Answer: This one requires a picture:

The RegEx for Step 2 is hard to read in the picture above, it is /store/(creditcard|moneyorder)$ . Notice that I added a dollar sign at the end of all the expressions above. Without context, it is hard to know which ones are mandatory, but we know for sure that the dollar sign in Step 1 is mandatory.  That dollar sign is required, not because of regular expressions, but because of the strange way funnels sometimes work. For more information on that one, you might want to read this excellent post on goals and funnels that Jonathan Weber of LunaMetrics wrote.

Finally, let me end with a great quote!  (I didn’t ask permission to use her name, so I will just use an initial.) This reader wrote me yesterday to ask, where were the answers? Here is part of what she wrote:

Seriously, your ebook was so full of win. I’ve been trying to wrap my mind around RegEx and have been using the basics in GA for a while. But I really expanded my understanding b/c your explanations were so plain English and applicable to GA. A lot of tutorials I saw online weren’t written for GA and were written by propellerheads, I suspect. :)

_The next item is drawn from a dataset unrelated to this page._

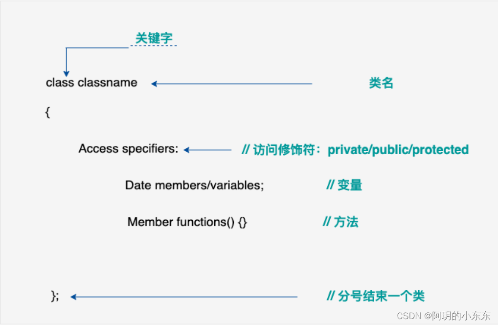 定义一个类需要使用关键字 class,然后指定类的名称,并类的主体是包含在一对花括号中,主体包含类的成员变量和成员函数。

Having worked for a graphics publishing company, I also REALLY appreciated the layout, font treatments, and graphics. A world-class job all the way around. — A

– Robbin

Robbin Steif

About Robbin Steif

Our owner and CEO, Robbin Steif, started LunaMetrics ten years ago. She is a graduate of Harvard College and the Harvard Business School, and has served on the Board of Directors for the Digital Analytics Association. Robbin is a recent winner of a BusinessWomen First award, as well as a Diamond Award for business leadership.

http://www.lunametrics.com/blog/2010/07/27/regex-ebook-answers-write/

16 Responses to “RegEx ebook Answers – for Google Analytics”

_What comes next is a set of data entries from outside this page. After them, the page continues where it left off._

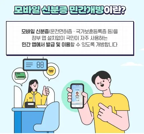 모바일 신분증을 정부 앱 설치 없이 국민이 자주 사용하는 민간앱에서 발급 및 이용할 수 있도록 개방했습니다.
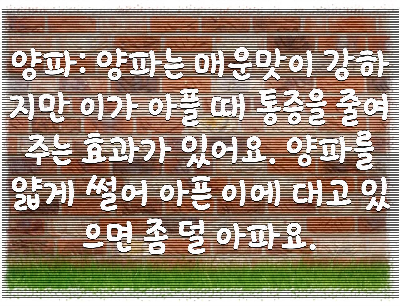 양파: 양파는 매운맛이 강하지만 이가 아플 때 통증을 줄여주는 효과가 있어요. 양파를 얇게 썰어 아픈 이에 대고 있으면 좀 덜 아파요.
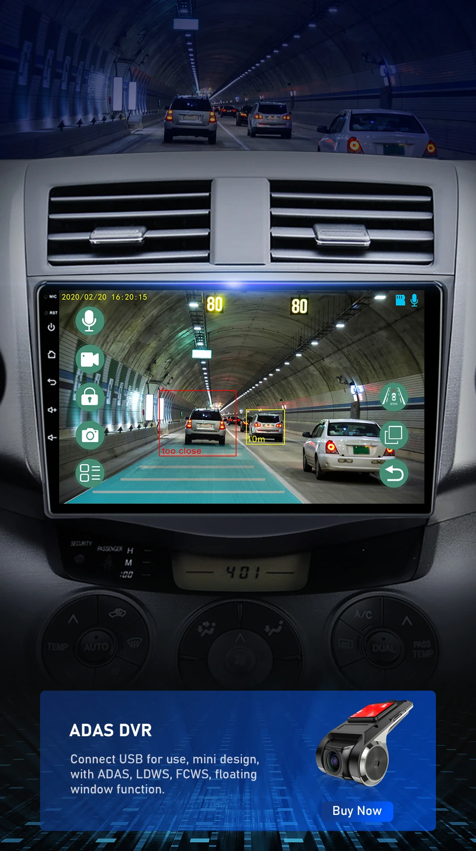 Supports connection to ADAS DVR. ADAS DVR has multiple built-in assistive driving technologies, inserting high-quality TF memory card to record every moment of your driving.

Jonathan Weber Jonathan says:

I’m going to suggest that for Question #1, an even simpler regular expression to match both “dialog” and “dialogue” is simply… “dialog”. :) There’s relatively little danger of matching any other word we don’t want, and in situations like this, usually we’re looking for keywords or something like that, so “dialogs” and other variations are OK (desirable, in fact).

Johann says:

Thanks for the RegExp book. Being a programmer, I already knew RegExps but I’ll forward this to a colleague who doesn’t (yet). :-)

Steve says:

So I’ll be a touch pedantic. :-)
Q3. I actually had this down as a trick question, as it asks for *all* subdomains, and then goes on to list them. Where ‘them’ equals the current set of subdomains/names.
I’d have gone for the straight: “\.mysite\.com$”
The plus side being that it will automatically include new domains when they arise without any effort to add them.
The downside is the exact same reason. eg testing-developers.mysite.com probably shouldn’t be included, but will with my proposed.
I guess this is one of those classic ‘it depends’ cases. Where knowing the org and it’s history around web properties is very useful. :-)

Have I managed to sit astride the fence nicely?
Cheers!

Robbin Steif Robbin says:

It’s a good answer. And I have nothing but thanks for your teacherly-capabilities!

Your posts are awesome, I hope you are considering writing a book on this stuff. I’m adding you to my RSS list. Bravo.

Searchengineman

Robbin Steif Robbin says:

I thought this was a book! Seriously — I did want to write a book, but didn’t look hard enough for a publisher. thanks for the vote of confidence — Robbin

Don F. says:

Robbin, your ebook on RegEx is so darn helpful and easy to read. Thank you so very much for putting this together and offering it to the public. I wish you great success and happiness!

-Don

Robbin Steif Robbin says:

Don, comments like yours are absolutely smile-worthy. thanks – R

Bani says:

Great book!
I’m having some trouble to make a regex to add to my funnel though, maybe you could help me?
I’d like to include all pages that contain the word checkout, but not success or cart. For instance, /checkout/step1 should match, but /checkout/step1/cart shouldn’t.
I’ve tried .*/checkout[^(success|cart)]* on the filter but I still see the cart and success pages on the results.

Robbin Steif Robbin says:

Bani, you are looking for something that has been disabled in Google Analytics, it is called “negative lookahead.” Your funnel won’t work until you actually change the URLs (makes me think I should change the Google Analytics Friendly web design post to handle your issue, too…..)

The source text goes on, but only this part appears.